Com efeito, a única acusação que pendia sobre Milo Radulovich era a de manter uma relação familiar com o pai e a irmã. O primeiro, um trabalhador imigrante e combatente no exército americano na I Guerra Mundial, era suspeito de além de ler o Daily Worker, de assinar um jornal sérvio comunista. Na verdade, assinava dois, um comunista e outro anticomunista, visto ser esse o modo de ter notícias do seu país de origem. A segunda, a irmã, era suspeita de ter participado em manifestações e reuniões organizadas por comunistas.


A exoneração de Radulovich era tanto mais incompreensível quanto a própria Força Aérea, após a realização de um inquérito, concluíra não haver razões para desconfiar da lealdade do seu oficial, embora, em função da legislação em vigor, qualquer funcionário do estado pudesse ser dispensado caso fossem invocadas razões de “segurança nacional”. Tratava-se, portanto, de um caso de “culpa por associação” prevista na legislação publicada por Truman em 1947 (Executive Order 9835) e reforçada por Eisenhower em 1953 (Executive Order 10450), a qual permitia o despedimento de pessoal do Estado em nome, justamente, da “segurança nacional”.


Milo Radulovich e a família Fonte: Edward Murrow: broadcast journalist

2. O segundo programa visando McCarthy, emitido a 23 de Novembro do mesmo ano, foi An Argument in Indianapolis. Reportava a tentativa da American Civil Liberties Union abrir uma delegação local contrariada pela oposição de organizações ultraconservadoras como a American Legion e a Minute Women, de Indiana. A história era semelhante à de Harrrison, anteriormente citada, estando em causa a recusa de cedência de um espaço público, neste caso um hotel, para uma reunião de ativistas dos direitos cívicos.

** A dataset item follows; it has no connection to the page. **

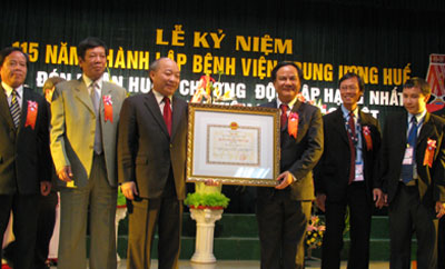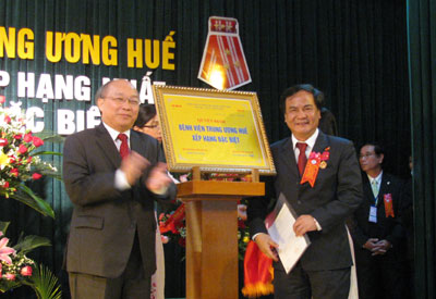 Bộ trường Bộ Y tế Nguyễn Quốc Triêụ trao Huân chương Lao động hạng Nhất và giấy chứng nhận Bệnh viện hạng đặc biệt cho Bệnh viện Trung ương Huế (Ảnh NetCoDo) |
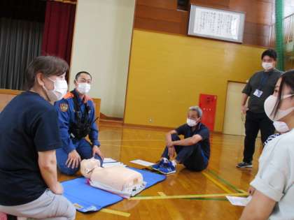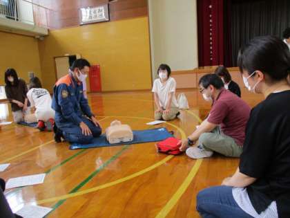 胸骨圧迫やAEDの使い方、意識が戻った後の対応の仕方を学びました。

Desta vez, Murrow fez o que Gilbert Seldes viria a considerar uma das principais contribuições de See It Now para o documentário jornalístico de Televisão, ou seja, a montagem alternada de testemunhos esgrimindo argumentos de sentido contrário, de modo a fazer avançar a ação num clima de crescente tensão dramática. Nas primeiras páginas dos jornais do dia seguinte, porém, o que apareceu não foram os méritos jornalísticos de An Argument in Indianapolis, mas sim a peça de abertura de última hora relacionada ainda com Milo Radulovich. É fácil perceber porquê.


Don Surine, um homem de McCarthy, abordara o repórter de See It Now destacado para Indianapolis, Joe Wershba – o mesmo que estivera em Detroit a entrevistar Radulovich – para lhe comunicar haver provas da colaboração de Murrow com Moscovo. Tratava-se de uma ameaça: ou Murrow suspendia as matérias sobre McCarthy ou passava a constar da lista negra. Murrow e Friendly responderam dando indicações a Wershba para prosseguir a investigação. Na véspera da emissão, aconteceu o inesperado. O Secretário da Força Aérea, Harold E. Talbott, entrou em contacto com See It Now a pretexto de pretender fazer uma declaração sobre Milo Radulovich.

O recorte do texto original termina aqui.